### Stored items from a collection
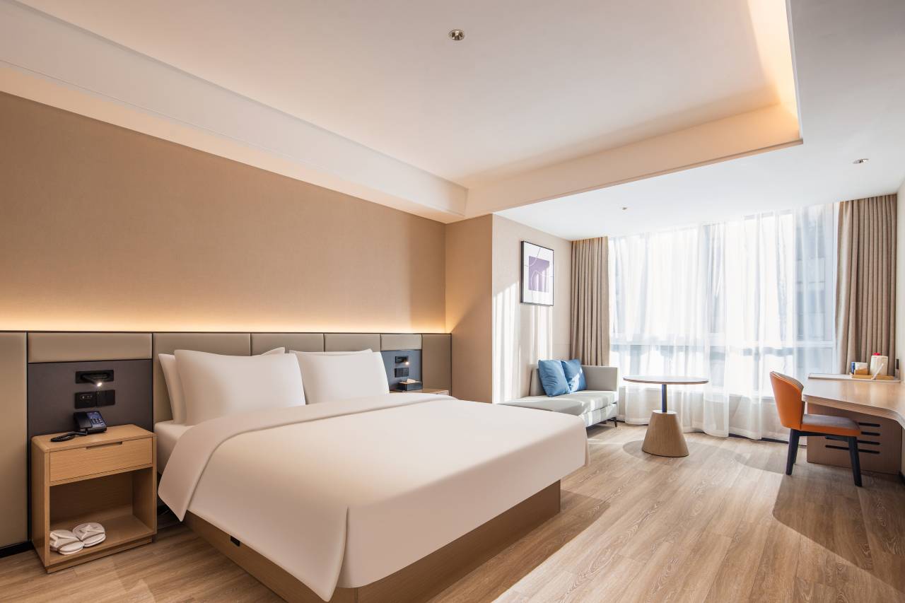 酒店是华住会成员,房间设施,房间面积,卫生状况,包括前台服务都和同是华住会成员的某季一样,停车场也很方便。办理入住赠送的伴手礼里面的东西非常实用,很喜欢,尤其是蒸汽眼罩很好用。周围吃东西特别方便,尤其是正大广场里的各种美味,总有一款适合你。前台的几位帅哥美女都和蔼可亲,让人感觉暖心。房间很暖和,很安静。下次还会再来。
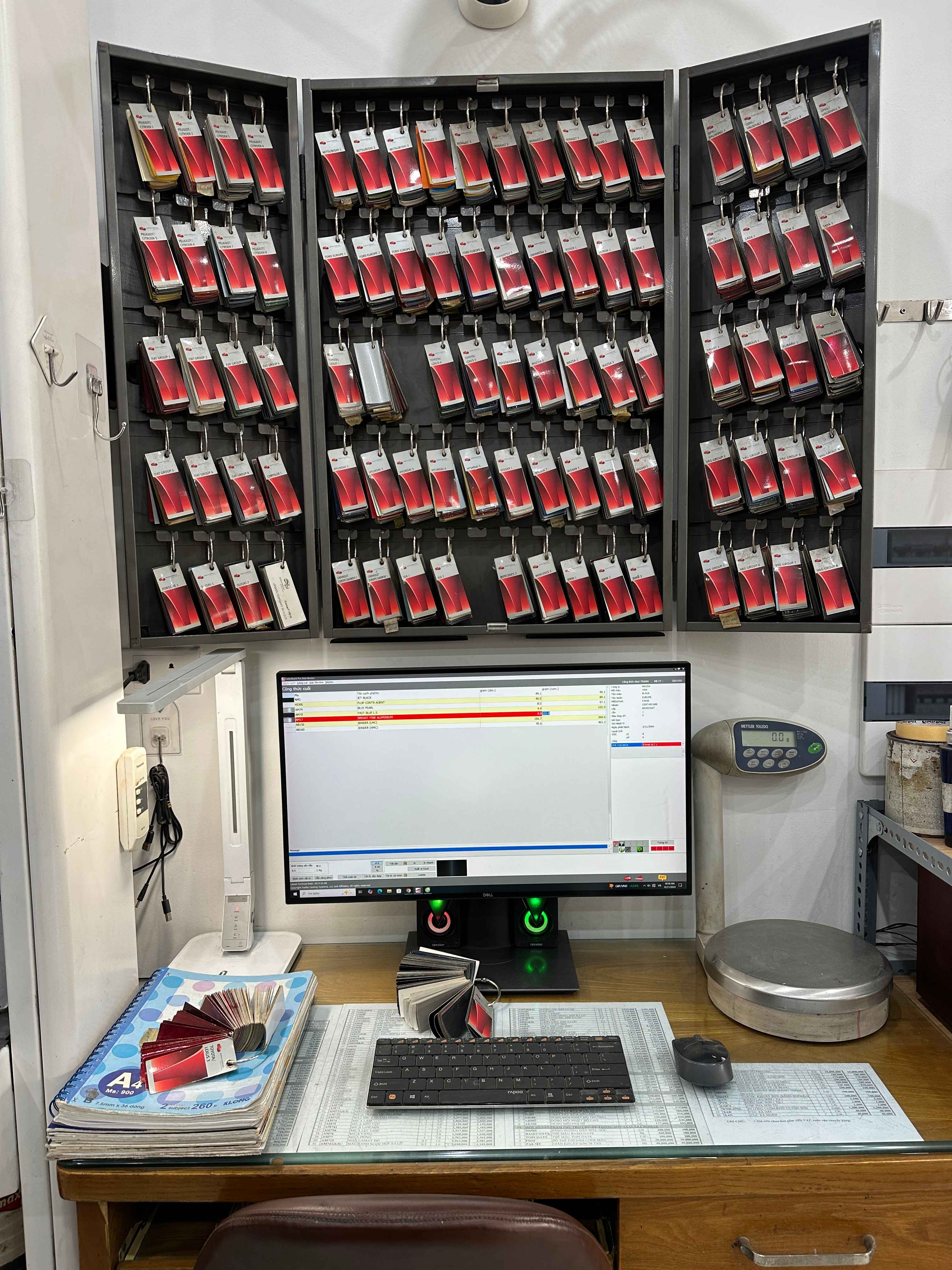 Hệ thống catalogue thẻ màu của các hãng Toyota Lexus, Mercedes, Huyndai, BMW, Mazda,... kết hợp với phần mềm pha sơn được hãng cung cấp và cân tiểu ly giúp màu sơn pha ra đạt độ chính xác tuyệt đối.
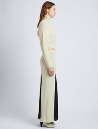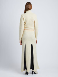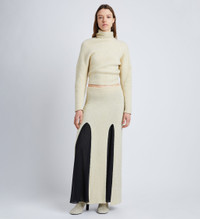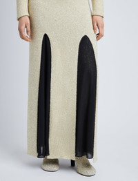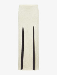 Fall 23 Runway Collection | Look 35 The Technical Sequin Knit Skirt is cut for a slim silhouette and saturated with sequins. Detailed with a maxi-length hem that's sliced at the front and back, revealing contrasting chiffon beneath. Ecru Sequin embellishment Mid-rise elasticated waist Front and back splits Chiffon lining Straight maxi-length hem Slim fit 55% polyamide fibre, 45% polyester fibre Made in Italy SKU: R2347104BKY302103
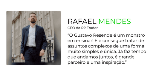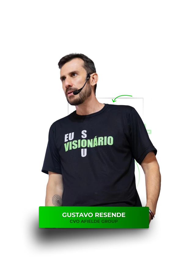 Empresário serial, Gustavo Resende é Idealizador do AFIELDE Group e do aplicativo SinApp. Um mineiro apaixonado por queijo, por viajar o mundo e por se desafiar diariamente. Já treinou equipes das maiores empresas do Brasil como Grupo Boticário, Porto Seguro, Ifood, Ambev e Votorantim. Além disso, formou mais de 2.500 mil líderes como professor do Curso de Liderança e de Pós Graduação da Escola Conquer. Gustavo, ainda é escritor nas horas vagas, sendo autor do livro O Maior Problema do Negócio Sou Eu. Por fim, Gustavo tem uma filosofia de vida: tudo é possível para aquele que está disposto a fazer o que for necessário para alcançar seus objetivos.
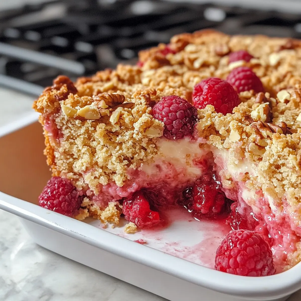 Serviervorschläge: Servieren Sie den Himbeercrumble warm mit einer Kugel Vanilleeis oder einem Klecks Schlagsahne, um die Aromen zu ergänzen.
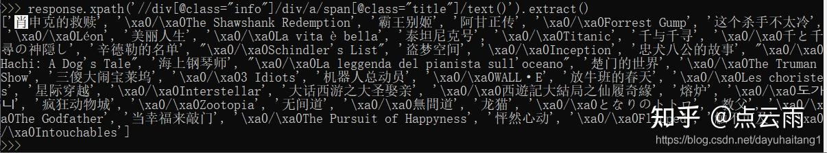 item['movieName']=movieInfo.xpath('./div[@class="info"]/div/a/span[@class="title"]/text()').extract_first() #提取电影名字
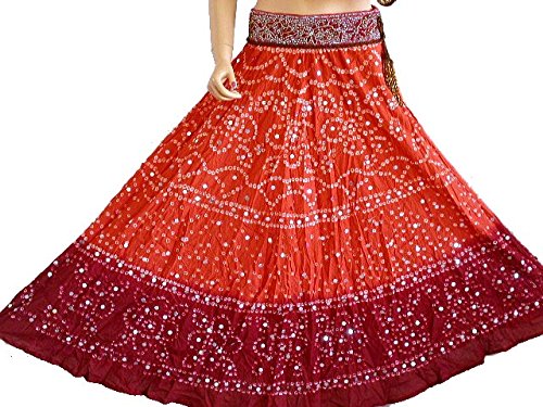 Hippi Boho Indian Cotton Bandhani Skirt with mirror finish work all over.
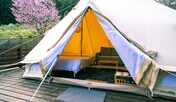 JR八高線「明覚駅」より車で約7分、里山や清流に囲まれた埼玉・ときがわ町のキャンプリゾート。敷地内には本格的な窯焚きサウナを併設しています。グランピングキャビンは、プロジェクター・シャワールームを完備し、テラスにはガスグリルが備わっています。グランピングテントは、川に面するロケーション。電源・Wi-Fiを完備し、タープで焚き火を楽しむこともできます。夕食は地元食材を盛り込んだBBQを、朝食ではベーグルやスペシャルティーコーヒーを用意。テントサイトでは、持ち込みのキャンプも可能です。
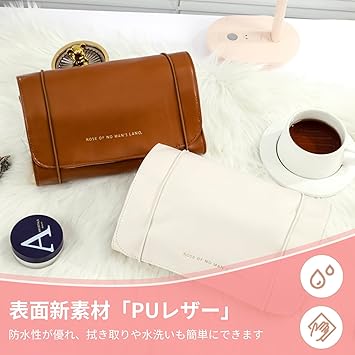 ・【防水素材】表面は革素材、手触りが快適で、防水性があり汚れに強く、一拭きですっきりと綺麗になります。内側にはPVC素材の防水ポーチが2つ付いており、化粧水や濡らしたくないブラシやパフなどを保管し、袋の中を乾燥させ、漏れを防ぎます。通気性があり速乾性のあるメッシュポーチで、中の内容物が一目で分かります

### Work item
Give again, exactly as written above, every line from the one holding "Serviervorschläge: Servieren Sie" to the one holding "Hippi Boho Indian", with both ends kept and the pictures left out.

### Exercise solution
 Serviervorschläge: Servieren Sie den Himbeercrumble warm mit einer Kugel Vanilleeis oder einem Klecks Schlagsahne, um die Aromen zu ergänzen.
 item['movieName']=movieInfo.xpath('./div[@class="info"]/div/a/span[@class="title"]/text()').extract_first() #提取电影名字
 Hippi Boho Indian Cotton Bandhani Skirt with mirror finish work all over.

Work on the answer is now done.